Oscar-nominated Korean diaspora film follows 'lives we leave behind'

Seoul, (APP - UrduPoint / Pakistan Point News - 7th Mar, 2024) A Korean-Canadian director's debut feature film -- a quiet romance exploring time, longing and lost chances -- has arrived in South Korea for theatre release after garnering two Oscar nominations.

Ever since South Korea's "Parasite" became the first non-English language film to win a Best Picture Oscar in 2020, works by Korean diaspora filmmakers have witnessed a significant surge of global interest.

Celine Song's "Past Lives" comes alongside the critical success of other works featuring the Korean overseas experience, such as "Minari", "Pachinko" and Netflix's "Beef".

The film follows a Korean-American woman in New York who is visited by her childhood crush from Seoul more than 20 years after she abruptly left South Korea for North America.

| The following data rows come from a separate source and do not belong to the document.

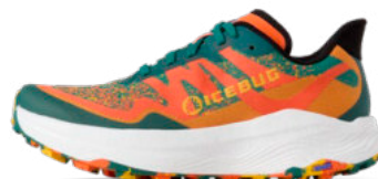
Järv RB9X™ Grapefruit/Green M: F0324008 W: F0378004
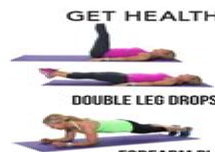
DOUBLE LEG DROPS
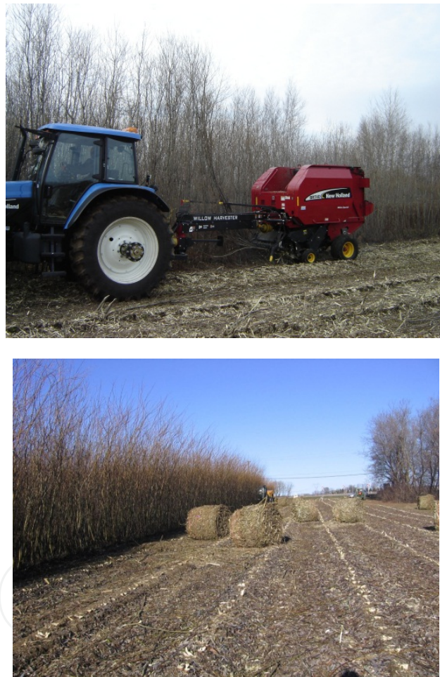
Figure 6. Willow cutter-shredder-baler harvester operating in Quebec

A third harvest system recently developed in Canada, mainly adapted to willow short-rotation coppice, is a cutter-shredder-baler machine that performs light shredding and bales willow stems [22], producing up to 40 bales \text{hr}^{-1} (20 t \text{hr}^{-1} ) on willow plantations (Figure 6).
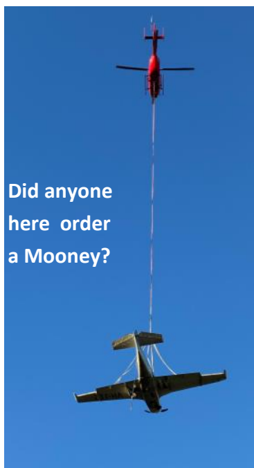
Did anyone here order a Mooney?

It was a favourite at last year's Sundance, won best picture at this year's Independent Spirit Awards and has received two nominations for the upcoming academy Awards: best picture and best original screenplay.

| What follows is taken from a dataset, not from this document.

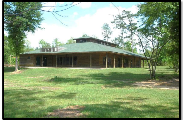
Dining Hall @ Salmen Scout Reservation

It is important for unit leaders to assist the Camp Staff by not allowing their Scouts to leave the Dining Hall until dismissed by the Dining Hall Steward. The Dining Hall Steward will dismiss the table waiters when they have completed their duties. Scout leaders are expected to spread this responsibility among all boys attending Camp. It is a suggestion that your troop's first table waiter be an experienced Scout, to demonstrate the proper methods to your Scouts. If your Scouts would like certain staff members to eat with them at morning and evening meals, they can pick up that staff members totem on the way to the Dining Hall. Scouts are required to be in Field Uniform for the evening meals.

The project was inspired by Song's own experience -- drinking with her husband who does not speak Korean and her childhood friend who was visiting from South Korea in New York -- where she had to act as an interpreter for the gathering.

"As I was doing the interpretation, I also realised that I was interpreting two parts of my own story, my personal history itself and my identity," Song said at a press conference in Seoul.

Her film skillfully explores what it means to live in the realm of "what ifs", and one's complex relationship with a younger self that exists solely in the past and in places they no longer inhabit.

"We are not fantasy characters nor do we traverse multiple universes or parallel dimensions," Song said in an interview with AFP and others, when asked about the film's title.

"But because we pass through so much time and space, and because we age and we relocate, I believe that there are always lives that we end up leaving behind."